HVAC distributor sales grow in Q1, summer forecast nuanced

HARDI distributors' sales grew five percent a month, on average, during the first quarter, with several factors at play looking ahead

HVAC unit

Image: Fast Company

HVAC distributors’ sales were positive over the first quarter, compared to 2024, according to HARDI data released on Thursday. 

Why it matters: The figure marks twelve consecutive months of positive annual sales growth for distributors — a proxy for contractor sales — following a sharp decline from March 2023 to 2024. 

What’s happening: When adjusted for the same number of billing days compared to 2024, HARDI distributors’ revenue grew five percent a month, on average, during the first quarter. 

  • Annually, for the 12 months ending in March, sales increased by 3.3 percent, according to the data. 
  • Meanwhile, the ‘Days Sales Outstanding’ — a measure of how quickly contractors pay their bills — hovered around 38 days each month during the quarter, down from 41-42 days during the same period in recent years.

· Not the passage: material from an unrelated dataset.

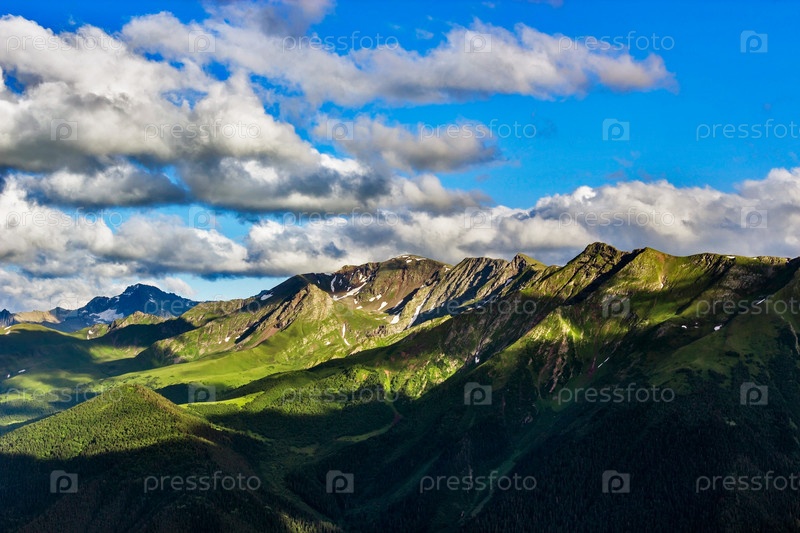 Кавказские горы и облачное небо в летний день

Of note: The average wholesale price of HVAC equipment rose 1.5 percent year-over-year as of March, according to the Federal Reserve. This means the 3.3 percent annual growth translates to ‘real’ growth of just under two percent, as HARDI analyst Brian Loftus explains to Homepros in an email. 

Zoom out: Several factors — interest rates, housing, and weather — influenced the quarter’s performance and will likely impact the remainder of this year. 

  • “The Fed was trying to slow the economy for 30 months until the rate cut in September,” Loftus wrote in January. “We are very pleased to see the 10-year bond yield following the fed funds rate lower.” 
  • “The mortgage rate typically follows the 10-year yield, so this could have a positive impact on existing home sales, and replacement demand,” he added. 
  • Spot check: Since January, the 10-year treasury yield had fallen seven percent as of May 1.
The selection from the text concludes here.